Monday, December 15, 2014

A Voice for the Voiceless: One Man's Saga

A Voice for the Voiceless: One Man's Saga
By Pete
A Call for Mental Health Advocacy
I was born at the Flower Hospital in New York City in 1936, the only child of older parents. There were questions as to whether my mother, whose health was unfavorable, should have contemplated childbirth at the age of 36, but she found a way. My father was 57 years old and didn't want children.
I was otherwise a healthy baby boy born into a life of privilege. My mother ensured that I would be afforded every opportunity to succeed. I attended kindergarten at Friends Seminary and in 1946 joined the St. Thomas Boys' Choir.
After moving to Bucks County, Pennsylvania, I attended the Lawrenceville School where I played soccer and became an All-American swimmer. During the summer I held various jobs as camp counselor and lifeguard. I attended Brown University, majoring in Classical Studies. I became captain of the swim team, and set a number of swimming records. After graduating from Brown, I attended the Institute for Classical Studies in Athens, Greece, then returned to Lawrenceville to teach Latin. I also became a Housemaster and coached Lower house athletics.
I was married in 1960 and earned an M.A. in Latin from Columbia the following year. That Spring my wife and I had our first child.
In 1961, I began teaching Latin at a private school near Toledo, Ohio, where I also coached the Greek and Chess Clubs and was involved in community-based classical associations. Our second child arrived in 1963.
In 1965, the Toledo Blade published a story on our propitious expanding clan entitled, "Family Puts Fun In Learning." I began working that year toward a second Masters degree at the University of Michigan. We moved to Ann Arbor where I obtained an M.A. in Greek in the spring of 1966.
As I started work on my doctoral thesis, our third child arrived. I was now 30 years old and looking forward to a promising future in academia and ongoing roles as a coach, mentor, and community leader. But my proudest and most important responsibility would always be the one which carried me home every day, as a loving husband and father of three.
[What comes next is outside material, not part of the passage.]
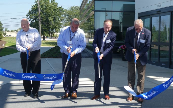 Local and state officials joined the executive leadership of Swagelok Company for a ribbon cutting ceremony celebrating the completion of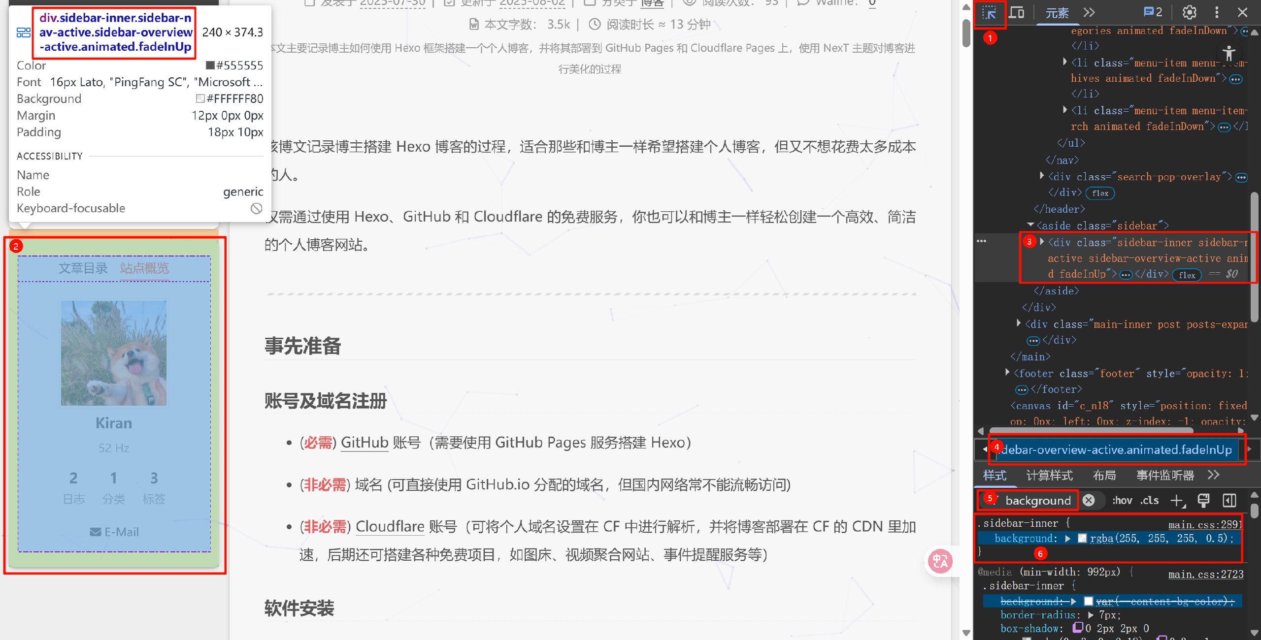 浏览器打开你的博客网页,按下F12打开控制台界面,点击图中①的元素选择器,悬停在你想要查看元素的地方(如图中②处),点击后③处会显示该元素的代码,其中class中的空格前的即为元素名(sidebar-inner),你可修改上面透明度设置的元素名尝试是否生效,也可通过图中⑤处搜索是否有background属性,并在图⑥处进行修改预览,最后应用还需按上面透明度设置的方法写入styles.styl才能生效

Then I started finding Satanic messages hidden in the works of Cicero and Virgil. Then came the voices. My wife and I argued. I became violent, threatening her and the children. I grew withdrawn and became complacent. I paced, began smoking, and gained weight. Needless to say, the family was thrown into a collective shock, confused, helpless and terrified.
In November 1966, I was diagnosed with paranoid schizophrenia. Thus began an odyssey of torment and disgrace which I have now endured for nearly half a century. The out-of-pocket cost of my care over this time is well into the millions of dollars.
By the early 1970s, as the situation became increasingly volatile, my wife filed for divorce. Paranoid schizophrenia decimated my family, which has since, for all intents and purposes, ceased to exist.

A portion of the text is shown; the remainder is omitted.